|Bishop Says Abuse
Scandal Could Force Diocese into Bankruptcy
By Todd Dvorak
Associated Press, carried in Waterloo/Cedar Falls Courier
October 1, 2004
IOWA CITY -- Bishop William Franklin says the Roman Catholic Diocese of Davenport lacks the financial resources to compensate victims of alleged priest abuse and warned a settlement could force the church into bankruptcy.
Franklin also said no final decisions have been made for meeting the monetary demands set forth recently in negotiations with 37 men who claim they were sexually abused by priests in the last 50 years.
"Diocesan financial resources are limited -- they are not adequate to compensate the victims for the amounts demanded," Franklin told more than 150 clergy and board members from parishes around the diocese Thursday.
"The diocese will make every effort to settle these cases, but you must know that Chapter 11 bankruptcy may be the only way to fairly and honorably compensate all victims," he said.
The Davenport diocese, like others around the nation, has been hard hit in the last five years by sexual abuse lawsuits aimed at former priests, some dating back to the 1950s.

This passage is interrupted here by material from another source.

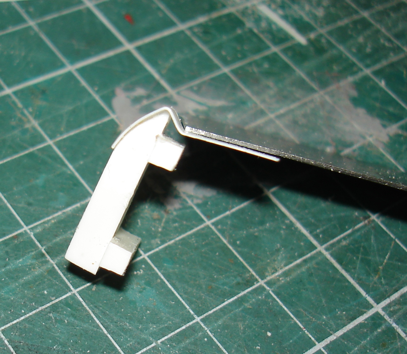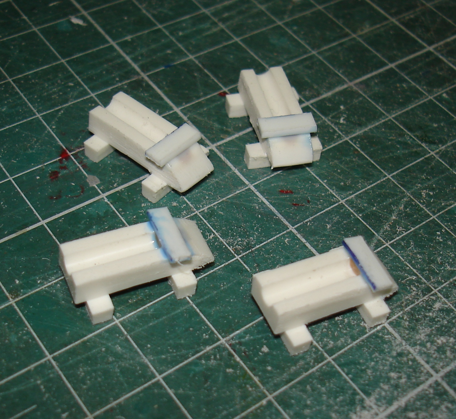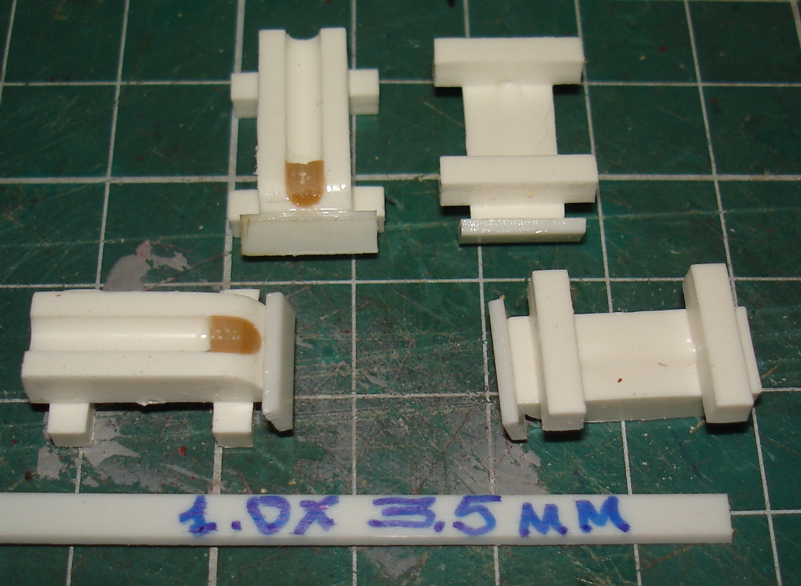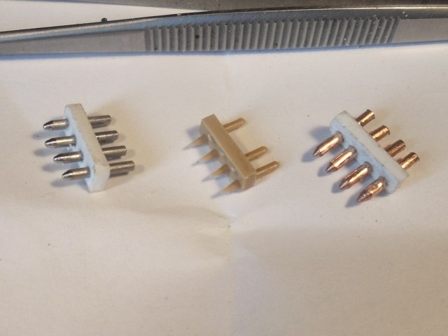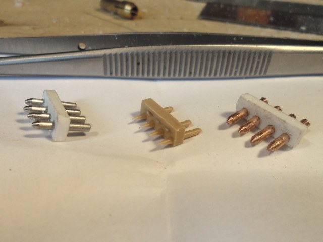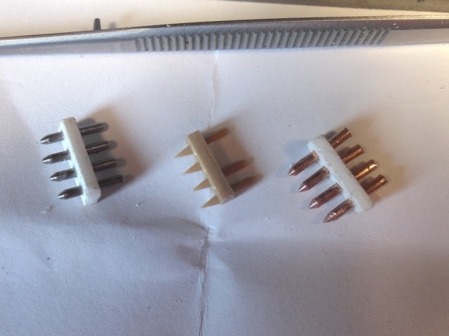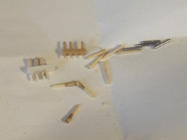 Слева пластик толщиной 1,5 мм и железные нагели (трудно обрабатывать железную проволоку и не хватает её мне). В середине из набора (чуть тронул и нагель отвалился). Справа пластик толщиной 1,5 мм и медные нагели (медная проволока мягкая и гнётся при обработке, но её навалом).

The lawsuits also allege church hierarchy knew about some instances of abuse but covered up cases, failed to discipline priests and simply moved them among the 95 parishes scattered around 22 counties in southeastern Iowa.
Preliminary talks aimed at settling the claims out of court began last month. Diocese attorney Rand Wanio said the victims have proposed a dollar amount for settling claims, but he said both sides have agreed not to disclose the figure.
The first of several trials is scheduled to begin in November.
As part of the negotiations, Franklin said he has spent several days meeting with victims, hearing stories he described as compelling and tragic.
"We expressed to the victims we were truly sorry ... and that the abuse was not their fault," Franklin said, reading from prepared remarks.
Nationwide, only diocese in Portland and Tucson, Ariz., have taken the step of filing bankruptcy to offset settlements from abuse lawsuits, Wanio said.
Efforts to raise money may also force wholesale changes in the diocese and its assets, especially if the church fails to enlist its insurance companies for money to offset costs, Franklin said.
"We have a very unclear insurance picture," Wanio said.
Officials may consider scaling back operations, selling and moving its headquarters, including its home for retired priests, and making other assets available to the court.
Franklin also urged leaders at individual parishes to review business records of each parish, which he said were set up as individual corporations decades ago and shielded from bankruptcy litigation involving the diocese.
But Craig Levien, the attorney representing most of the victims, accused church officials of distorting the net worth of the diocese and said access to parish assets remains an unanswered legal question.
"We strongly disagree that the diocese does not have the resources to meet their financial responsibility to fully compensate victims of sexual abuse," Levien said.